------ INPUT ------

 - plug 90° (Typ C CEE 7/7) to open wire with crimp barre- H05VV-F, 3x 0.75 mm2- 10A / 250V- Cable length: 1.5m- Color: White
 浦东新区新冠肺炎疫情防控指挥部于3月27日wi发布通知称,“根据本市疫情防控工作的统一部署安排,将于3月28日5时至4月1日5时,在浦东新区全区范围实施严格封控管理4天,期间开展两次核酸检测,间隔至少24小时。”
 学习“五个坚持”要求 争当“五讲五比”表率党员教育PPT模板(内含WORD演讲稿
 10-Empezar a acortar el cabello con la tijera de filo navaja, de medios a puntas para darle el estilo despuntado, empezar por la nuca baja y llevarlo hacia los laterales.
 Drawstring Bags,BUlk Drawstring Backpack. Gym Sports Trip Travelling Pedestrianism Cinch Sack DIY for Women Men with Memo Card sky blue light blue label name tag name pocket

------
------ INPUT ------

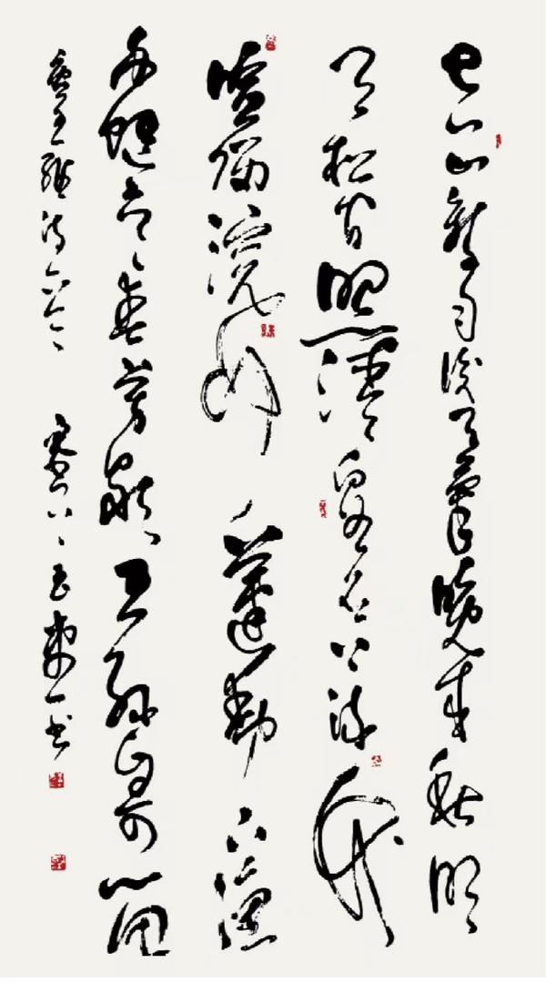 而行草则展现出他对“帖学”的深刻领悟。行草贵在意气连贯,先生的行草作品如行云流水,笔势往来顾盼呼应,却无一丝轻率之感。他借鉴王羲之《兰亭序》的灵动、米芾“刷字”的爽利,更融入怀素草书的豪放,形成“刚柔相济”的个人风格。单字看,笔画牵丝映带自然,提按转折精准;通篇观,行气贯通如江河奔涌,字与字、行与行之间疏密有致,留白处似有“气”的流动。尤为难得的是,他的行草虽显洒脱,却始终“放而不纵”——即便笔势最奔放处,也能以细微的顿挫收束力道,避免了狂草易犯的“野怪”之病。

------

_TASK REQUIREMENTS_
Read through the entries above and copy each line that has the string "with" in it.

_SOLUTION_
 - plug 90° (Typ C CEE 7/7) to open wire with crimp barre- H05VV-F, 3x 0.75 mm2- 10A / 250V- Cable length: 1.5m- Color: White
 Drawstring Bags,BUlk Drawstring Backpack. Gym Sports Trip Travelling Pedestrianism Cinch Sack DIY for Women Men with Memo Card sky blue light blue label name tag name pocket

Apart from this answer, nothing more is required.